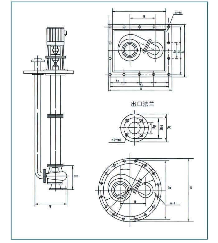 FY型化工耐腐蝕不銹鋼液下泵結(jié)構(gòu)和安裝尺寸圖
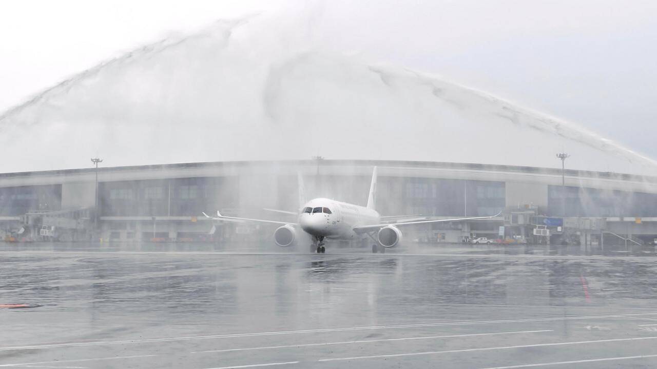 【金羊早晚报】白云机场水门礼迎接!国产大飞机C919亮相“沪广快线”
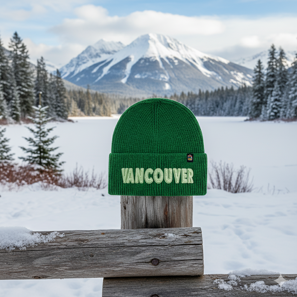 Celebrate Vancouver’s coastal energy with this Vancouver Letter Knit Toque, designed with a clean and cheerful aesthetic that reflects the city’s outdoor-inspired lifestyle. The front features playful varsity-style lettering filled with subtle maple-leaf motifs, bringing a warm and friendly touch to the design. The simple, modern layout keeps the toque versatile and easy to style, echoing Vancouver’s blend of nature, creativity, and laid-back west-coast spirit.

* _PROBLEM_
Where images occur in the data above, leave them out and repeat everything else exactly.

* _RESPONSE BOX_
 FY型化工耐腐蝕不銹鋼液下泵結(jié)構(gòu)和安裝尺寸圖
 【金羊早晚报】白云机场水门礼迎接!国产大飞机C919亮相“沪广快线”
 Celebrate Vancouver’s coastal energy with this Vancouver Letter Knit Toque, designed with a clean and cheerful aesthetic that reflects the city’s outdoor-inspired lifestyle. The front features playful varsity-style lettering filled with subtle maple-leaf motifs, bringing a warm and friendly touch to the design. The simple, modern layout keeps the toque versatile and easy to style, echoing Vancouver’s blend of nature, creativity, and laid-back west-coast spirit.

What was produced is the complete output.